Airborne particle concentrations remained constant in the bathroom when the toilet was not flushed (Fig. 3). Toilet flushing without waste had a greater particle concentration increase than flushing with waste. The presence of toilet paper, consistency of waste, and amount of loose fecal waste may lessen the movement of toilet water during the flush preventing the generation of particles. While particles can be generated from a multitude of sources (e.g., people moving in a room), the increase of particle concentrations immediately following a flushing event provides evidence that flushing (both with and without waste) increases the airborne concentration of particles in hospital bathrooms. Additionally, particles less than 3 μm significantly increased (p-values< 0.05). Johnson et al.  also found that various toilet designs produce an aerosol where the largest proportion of particles are smaller than 2 μm. Therefore, particles less than 3 μm in diameter may be a significant source of human exposure and environmental contamination as particles of this size can remain airborne for hours .

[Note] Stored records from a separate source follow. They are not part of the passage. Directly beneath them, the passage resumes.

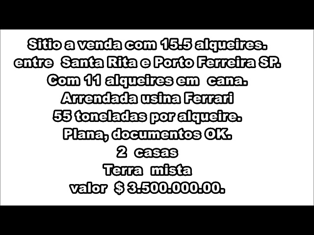 Sitio a venda com 15.5 alqueires. entre Santa Rita e Porto Ferreira SP.
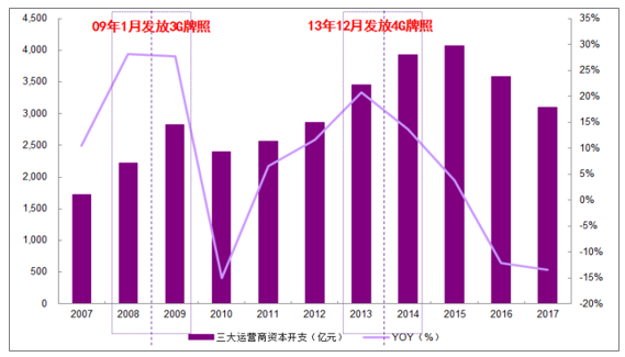 G/4G牌照发放前后一年运营商资本开支增速到达高峰
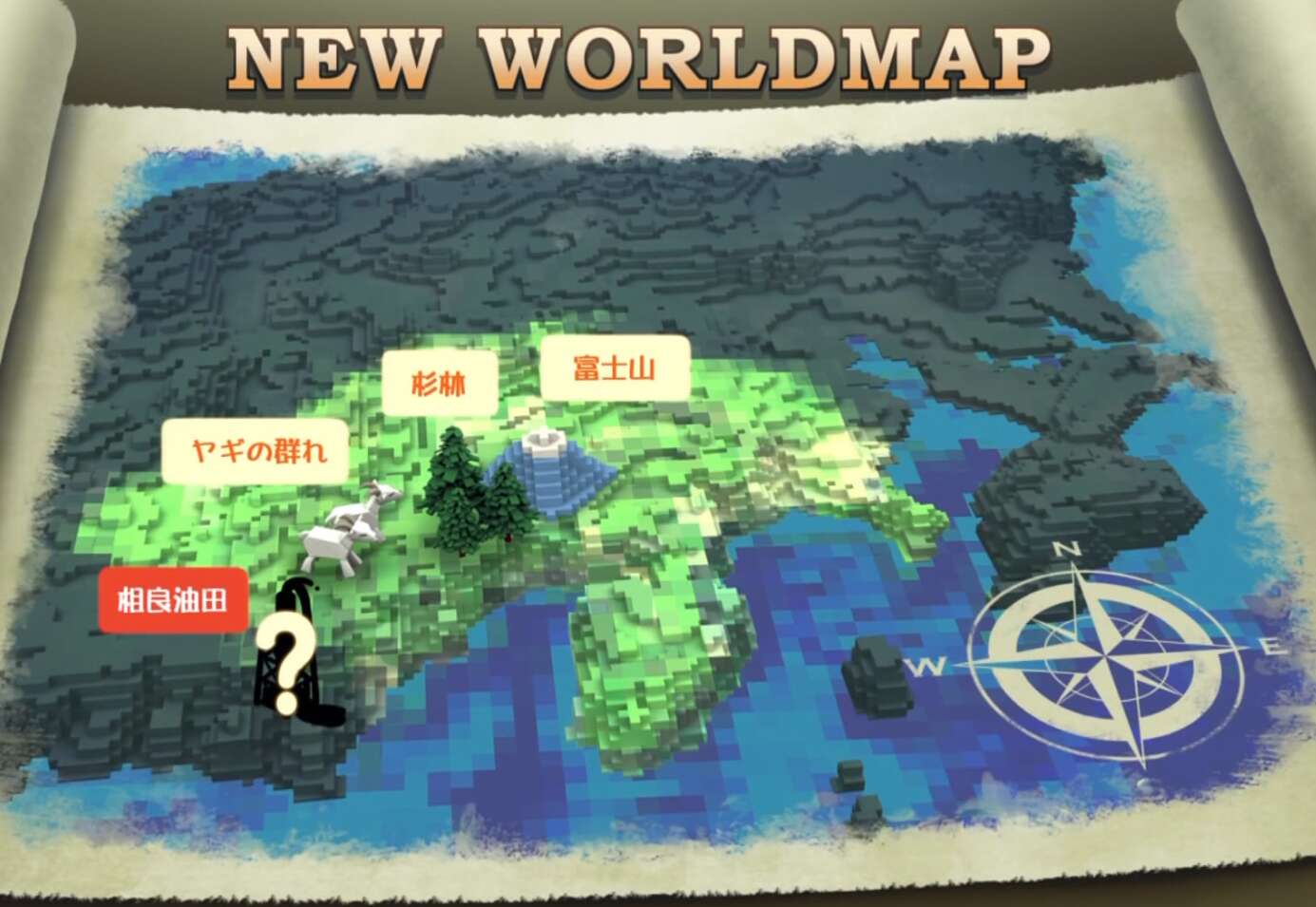 そして、相良油田の捜索とあせて他の食料も気球から絶対に見つけると意気込み、気球を使って空から新しい地図・ワールドマップを作成します。空から見つけた杉林やヤギの群れのポイントを、地図へ次々と記入していきます。

Pure water droplets evaporate in unsaturated conditions where relative humidity is less than 100%, however soluble nuclei (i.e., microorganisms like bacteria) can grow in unsaturated atmospheric conditions by a phenomenon called heterogeneous nucleation . Studies have confirmed that both gram positive and gram negative bacteria may act as a source of soluble nuclei, which have been found to grow to a diameter of 20 μm [33, 34]. These large particles have a much greater settling velocity in comparison to small particles . Faster settling rates may prevent large particle concentrations (i.e., 20 μm or greater) from being observed. Johnson et al.,  reported particles larger than 5 μm to reach max concentration within 30 s after a flush. Our room conditions where toilets were flushed had observable changes in particle concentrations immediately following the flush only in bin sizes 3, 1, 0.5, and 0.3 μm (Figs. 4 and 5). The faster settling rates of particles within the 5 and 10 μm bins may have caused us to not detect differences within comparisons of the particle concentration of those size bins. Furthermore this phenomenon may contribute to surface contamination near the toilet (i.e., the floor).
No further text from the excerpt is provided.